Functionalized self-assembling peptide improves INS-1 β-cell function and proliferation via the integrin/FAK/ERK/cyclin pathway.

Islet transplantation is considered to be a curative treatment for type 1 diabetes mellitus. However, disruption of the extracellular matrix (ECM) leads to beta-cell destruction and graft dysfunction. In this study, we developed a functionalized self-assembling peptide, KLD-F, with ECM mimic motifs derived from fibronectin and collagen IV, and evaluated its effect on beta-cell function and proliferation. Atomic force microscopy and rheological results showed that KLD-F could self-assemble into a nanofibrous scaffold and change into a hydrogel in physiological saline condition.
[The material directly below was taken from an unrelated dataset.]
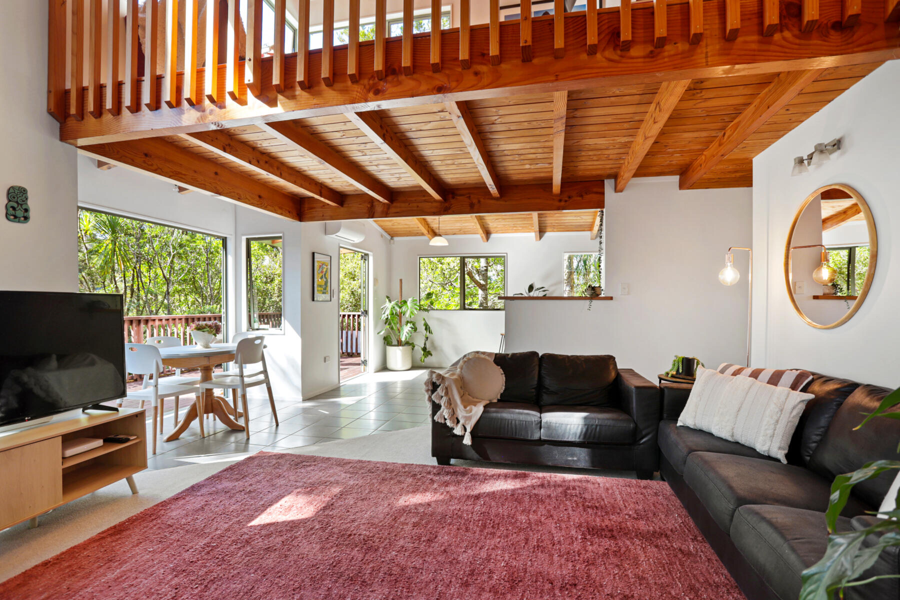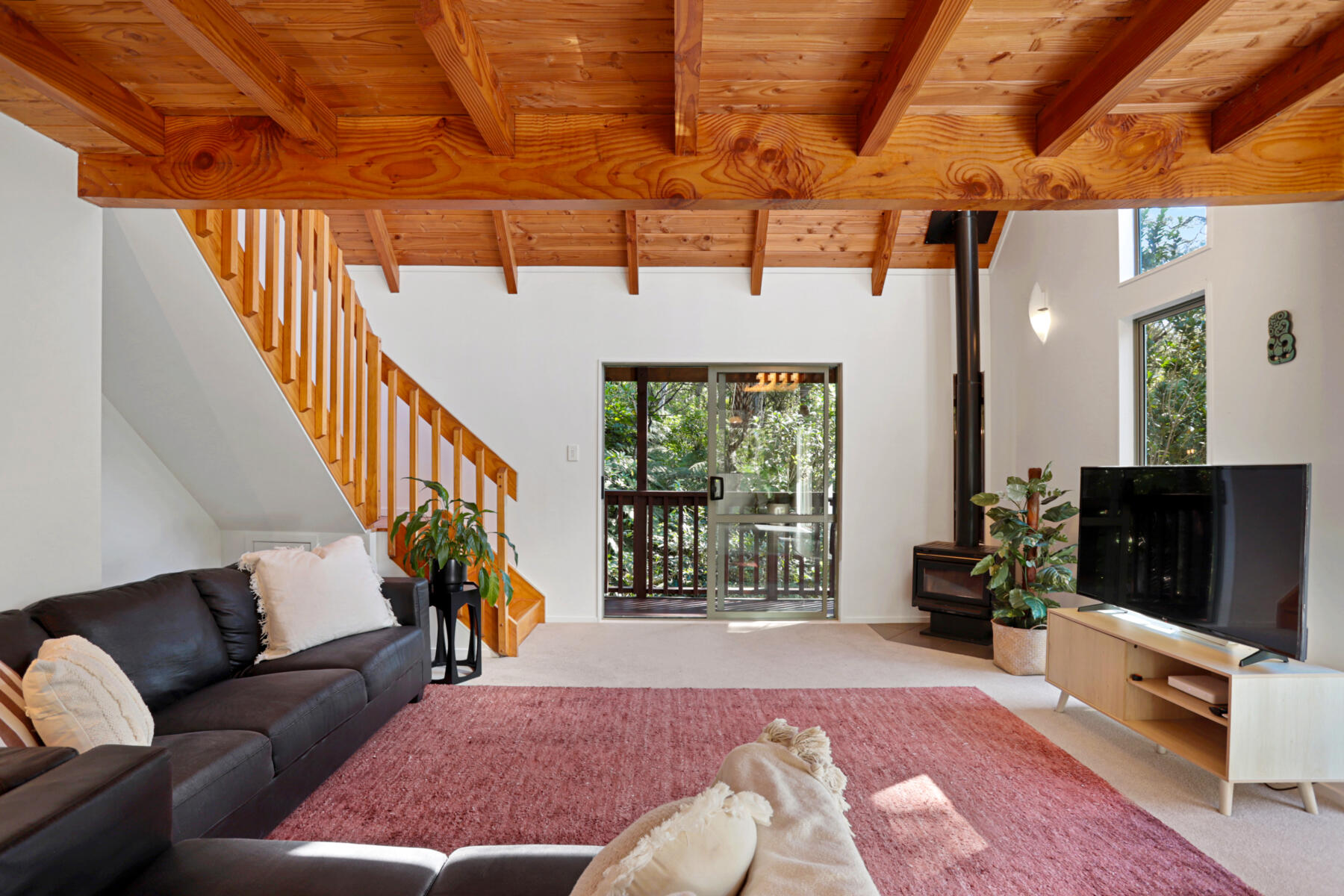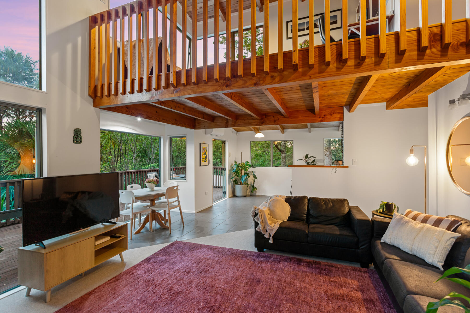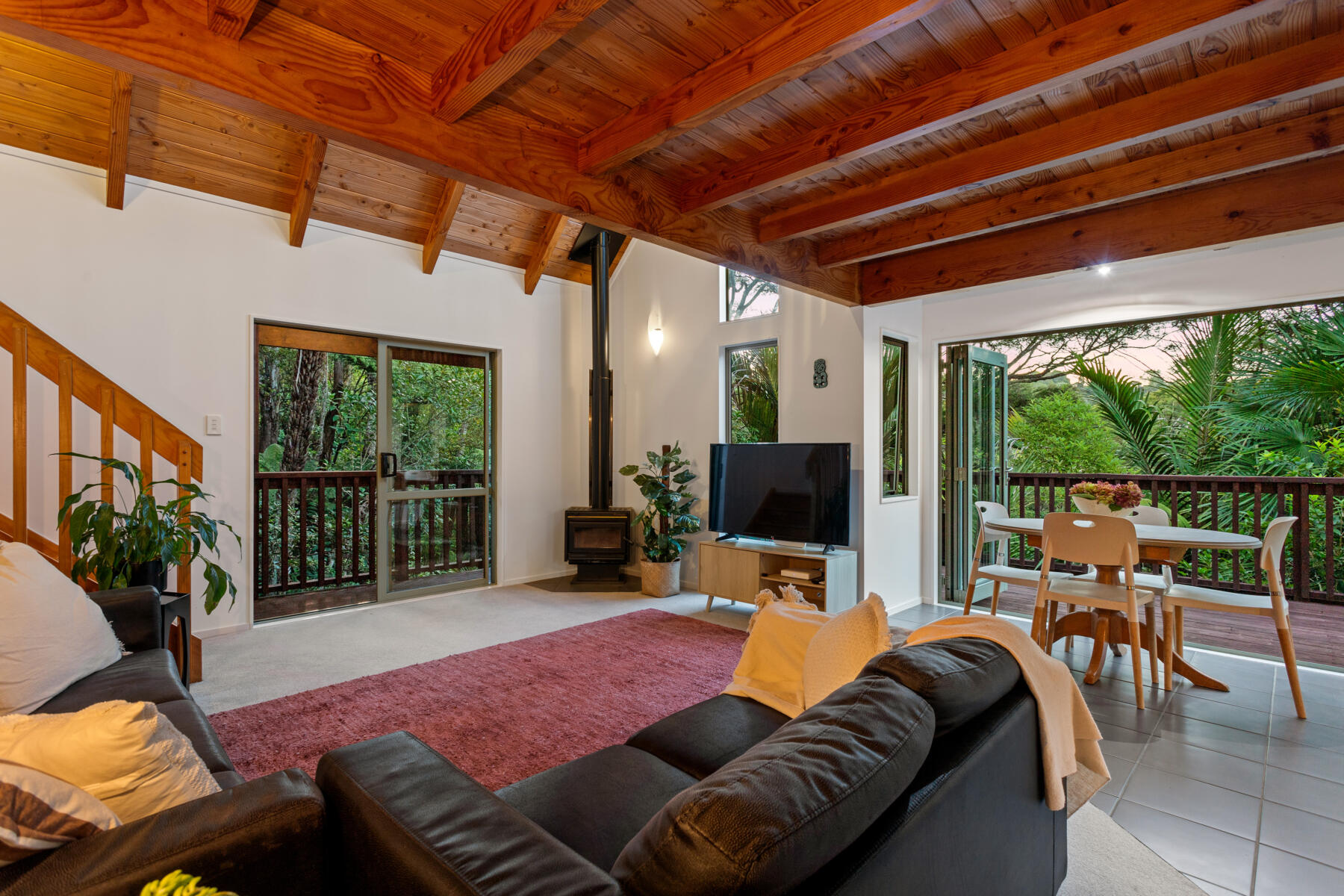 The main living area is bright, warm and welcoming, with large windows drawing in natural light and opening seamlessly to a sun-soaked deck. Bathed in sunshine, this is a space where you can relax, entertain or simply enjoy the peaceful outlook over the surrounding greenery.

In a three-dimensional cell culture model, KLD-F improved ECM remodeling and cell-cell adhesion of INS-1 beta-cells by upregulation of E-cadherin, fibronectin, and collagen IV. KLD-F also enhanced glucose-stimulated insulin secretion and expression of beta-cell function genes, including Glut2, Ins1, MafA, and Pdx-1 in INS-1 cells. Moreover, KLD-F promoted proliferation of INS-1 beta-cells and upregulated Ki67 expression by mediating cell cycle progression. In addition, KLD-F improved beta-cell function and proliferation via an integrin/focal adhesion kinase/extracellular signal-regulated kinase/cyclin D pathway. This study highlights the fact that the beta-cell-ECM interaction reestablished with this functionalized self-assembling peptide is a promising method to improve the therapeutic efficacy of islet transplantation.